(HOW TO COMPLETE THIS TASK):
Would you reproduce exactly the lines below from the one holding "日前,昆明市普法强基补短板专" through the one holding "再リース契約のリース金額は、", inclusive, and no others?

(THE RECORDS):
• • • •

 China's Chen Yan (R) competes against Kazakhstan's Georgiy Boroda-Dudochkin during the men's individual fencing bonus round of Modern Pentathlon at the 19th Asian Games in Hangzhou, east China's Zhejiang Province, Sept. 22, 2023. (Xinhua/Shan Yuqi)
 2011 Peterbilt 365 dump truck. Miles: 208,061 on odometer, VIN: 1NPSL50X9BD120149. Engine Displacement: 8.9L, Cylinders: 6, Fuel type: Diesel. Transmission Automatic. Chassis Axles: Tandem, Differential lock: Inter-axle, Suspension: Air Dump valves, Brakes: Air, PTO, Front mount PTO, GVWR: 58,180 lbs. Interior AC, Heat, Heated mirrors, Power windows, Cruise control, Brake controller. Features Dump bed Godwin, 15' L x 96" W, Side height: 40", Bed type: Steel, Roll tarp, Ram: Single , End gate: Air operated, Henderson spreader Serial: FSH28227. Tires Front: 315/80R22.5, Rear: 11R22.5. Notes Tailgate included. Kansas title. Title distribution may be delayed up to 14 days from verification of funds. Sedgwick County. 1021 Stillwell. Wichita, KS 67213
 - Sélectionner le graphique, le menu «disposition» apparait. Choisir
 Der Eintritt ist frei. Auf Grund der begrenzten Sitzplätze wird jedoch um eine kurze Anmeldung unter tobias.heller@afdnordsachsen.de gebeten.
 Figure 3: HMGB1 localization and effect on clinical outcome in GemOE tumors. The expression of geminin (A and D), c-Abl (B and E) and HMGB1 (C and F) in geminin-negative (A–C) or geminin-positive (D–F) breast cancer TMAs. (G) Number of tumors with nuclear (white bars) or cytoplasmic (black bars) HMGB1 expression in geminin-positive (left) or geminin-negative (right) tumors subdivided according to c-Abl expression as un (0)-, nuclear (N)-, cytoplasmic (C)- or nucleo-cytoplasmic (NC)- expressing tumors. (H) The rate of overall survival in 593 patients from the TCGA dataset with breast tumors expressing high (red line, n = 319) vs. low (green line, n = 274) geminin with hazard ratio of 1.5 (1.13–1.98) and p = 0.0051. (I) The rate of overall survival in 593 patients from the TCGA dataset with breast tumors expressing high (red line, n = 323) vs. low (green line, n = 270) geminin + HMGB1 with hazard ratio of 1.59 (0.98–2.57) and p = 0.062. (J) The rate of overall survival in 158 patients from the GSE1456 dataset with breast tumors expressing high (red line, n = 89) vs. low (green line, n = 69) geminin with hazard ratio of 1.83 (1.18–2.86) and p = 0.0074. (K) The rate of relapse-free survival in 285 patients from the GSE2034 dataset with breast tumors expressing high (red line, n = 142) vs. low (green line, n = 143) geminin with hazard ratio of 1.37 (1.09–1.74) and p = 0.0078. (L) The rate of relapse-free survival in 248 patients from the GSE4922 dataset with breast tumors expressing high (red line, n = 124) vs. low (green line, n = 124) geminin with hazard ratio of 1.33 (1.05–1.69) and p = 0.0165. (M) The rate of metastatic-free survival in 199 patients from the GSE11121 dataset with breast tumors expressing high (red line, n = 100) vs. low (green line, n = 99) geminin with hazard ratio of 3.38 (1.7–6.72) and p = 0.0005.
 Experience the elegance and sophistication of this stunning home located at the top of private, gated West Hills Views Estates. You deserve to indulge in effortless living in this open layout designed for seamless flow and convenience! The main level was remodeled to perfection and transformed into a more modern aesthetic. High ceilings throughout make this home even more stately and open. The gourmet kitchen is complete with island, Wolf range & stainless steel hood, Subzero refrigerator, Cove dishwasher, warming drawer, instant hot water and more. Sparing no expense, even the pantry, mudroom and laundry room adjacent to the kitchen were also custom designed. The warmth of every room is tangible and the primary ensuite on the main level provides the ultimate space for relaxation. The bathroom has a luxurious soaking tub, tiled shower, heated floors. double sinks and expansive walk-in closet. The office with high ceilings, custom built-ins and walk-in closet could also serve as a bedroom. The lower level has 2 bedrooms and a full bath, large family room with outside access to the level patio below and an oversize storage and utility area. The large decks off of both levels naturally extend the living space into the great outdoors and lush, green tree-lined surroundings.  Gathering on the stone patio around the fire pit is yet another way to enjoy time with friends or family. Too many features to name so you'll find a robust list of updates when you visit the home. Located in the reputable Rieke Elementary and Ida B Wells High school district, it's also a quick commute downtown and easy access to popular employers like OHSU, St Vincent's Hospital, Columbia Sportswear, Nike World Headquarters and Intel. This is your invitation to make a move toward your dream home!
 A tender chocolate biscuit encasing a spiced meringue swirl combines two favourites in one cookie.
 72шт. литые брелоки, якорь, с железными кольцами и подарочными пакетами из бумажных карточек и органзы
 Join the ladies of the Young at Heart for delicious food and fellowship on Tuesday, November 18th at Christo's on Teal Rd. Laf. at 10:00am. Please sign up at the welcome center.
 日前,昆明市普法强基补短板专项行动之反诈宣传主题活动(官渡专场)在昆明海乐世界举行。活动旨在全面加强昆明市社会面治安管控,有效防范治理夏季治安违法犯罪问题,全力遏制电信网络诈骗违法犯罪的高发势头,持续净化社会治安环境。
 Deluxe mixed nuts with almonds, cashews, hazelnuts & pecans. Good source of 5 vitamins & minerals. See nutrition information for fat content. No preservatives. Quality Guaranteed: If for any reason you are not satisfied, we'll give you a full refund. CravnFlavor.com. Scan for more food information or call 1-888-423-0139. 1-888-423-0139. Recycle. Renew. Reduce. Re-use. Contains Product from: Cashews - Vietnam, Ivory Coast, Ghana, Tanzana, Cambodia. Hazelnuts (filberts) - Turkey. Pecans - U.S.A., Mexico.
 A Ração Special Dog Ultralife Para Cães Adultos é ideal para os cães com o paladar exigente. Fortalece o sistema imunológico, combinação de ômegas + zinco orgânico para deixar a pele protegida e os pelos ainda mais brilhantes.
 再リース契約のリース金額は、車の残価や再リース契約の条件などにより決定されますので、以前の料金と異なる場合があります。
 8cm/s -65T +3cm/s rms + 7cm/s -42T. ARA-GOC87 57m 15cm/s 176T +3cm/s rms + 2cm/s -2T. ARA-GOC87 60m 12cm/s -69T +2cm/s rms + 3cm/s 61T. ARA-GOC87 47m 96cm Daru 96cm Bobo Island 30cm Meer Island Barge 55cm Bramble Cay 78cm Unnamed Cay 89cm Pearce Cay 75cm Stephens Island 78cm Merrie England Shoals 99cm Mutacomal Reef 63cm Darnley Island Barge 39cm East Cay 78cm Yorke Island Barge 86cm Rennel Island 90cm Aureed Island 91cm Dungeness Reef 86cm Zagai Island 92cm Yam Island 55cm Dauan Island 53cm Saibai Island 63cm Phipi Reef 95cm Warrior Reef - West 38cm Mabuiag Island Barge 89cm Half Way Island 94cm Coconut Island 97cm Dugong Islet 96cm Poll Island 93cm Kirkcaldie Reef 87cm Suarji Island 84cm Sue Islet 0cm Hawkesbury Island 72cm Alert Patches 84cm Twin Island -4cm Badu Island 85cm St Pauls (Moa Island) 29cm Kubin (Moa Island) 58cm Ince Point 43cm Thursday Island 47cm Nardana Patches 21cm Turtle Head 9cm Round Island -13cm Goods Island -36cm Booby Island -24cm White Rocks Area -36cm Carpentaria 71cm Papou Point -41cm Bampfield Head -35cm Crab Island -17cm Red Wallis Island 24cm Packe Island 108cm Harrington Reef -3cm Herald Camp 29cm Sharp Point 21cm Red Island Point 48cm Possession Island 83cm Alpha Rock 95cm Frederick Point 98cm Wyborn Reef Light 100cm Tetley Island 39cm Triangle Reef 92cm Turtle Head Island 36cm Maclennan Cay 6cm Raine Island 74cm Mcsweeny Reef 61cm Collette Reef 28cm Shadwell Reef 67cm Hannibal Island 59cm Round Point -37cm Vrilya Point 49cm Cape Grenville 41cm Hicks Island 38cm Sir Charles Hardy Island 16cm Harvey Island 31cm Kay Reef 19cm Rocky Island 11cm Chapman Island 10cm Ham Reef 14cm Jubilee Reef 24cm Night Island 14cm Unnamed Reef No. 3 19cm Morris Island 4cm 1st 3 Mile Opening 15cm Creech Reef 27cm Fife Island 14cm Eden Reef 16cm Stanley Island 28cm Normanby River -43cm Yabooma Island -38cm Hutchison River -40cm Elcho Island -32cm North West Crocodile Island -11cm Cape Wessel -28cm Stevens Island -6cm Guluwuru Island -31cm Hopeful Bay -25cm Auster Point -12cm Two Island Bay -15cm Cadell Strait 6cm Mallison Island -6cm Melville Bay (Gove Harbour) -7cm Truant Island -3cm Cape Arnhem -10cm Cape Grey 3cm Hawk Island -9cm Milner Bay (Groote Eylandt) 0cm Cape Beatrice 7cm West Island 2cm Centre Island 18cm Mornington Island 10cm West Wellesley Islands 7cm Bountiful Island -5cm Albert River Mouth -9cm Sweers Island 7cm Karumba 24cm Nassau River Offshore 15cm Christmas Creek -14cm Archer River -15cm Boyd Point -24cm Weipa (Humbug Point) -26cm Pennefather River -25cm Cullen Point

• • • •

(RESULT BELOW):
 日前,昆明市普法强基补短板专项行动之反诈宣传主题活动(官渡专场)在昆明海乐世界举行。活动旨在全面加强昆明市社会面治安管控,有效防范治理夏季治安违法犯罪问题,全力遏制电信网络诈骗违法犯罪的高发势头,持续净化社会治安环境。
 Deluxe mixed nuts with almonds, cashews, hazelnuts & pecans. Good source of 5 vitamins & minerals. See nutrition information for fat content. No preservatives. Quality Guaranteed: If for any reason you are not satisfied, we'll give you a full refund. CravnFlavor.com. Scan for more food information or call 1-888-423-0139. 1-888-423-0139. Recycle. Renew. Reduce. Re-use. Contains Product from: Cashews - Vietnam, Ivory Coast, Ghana, Tanzana, Cambodia. Hazelnuts (filberts) - Turkey. Pecans - U.S.A., Mexico.
 A Ração Special Dog Ultralife Para Cães Adultos é ideal para os cães com o paladar exigente. Fortalece o sistema imunológico, combinação de ômegas + zinco orgânico para deixar a pele protegida e os pelos ainda mais brilhantes.
 再リース契約のリース金額は、車の残価や再リース契約の条件などにより決定されますので、以前の料金と異なる場合があります。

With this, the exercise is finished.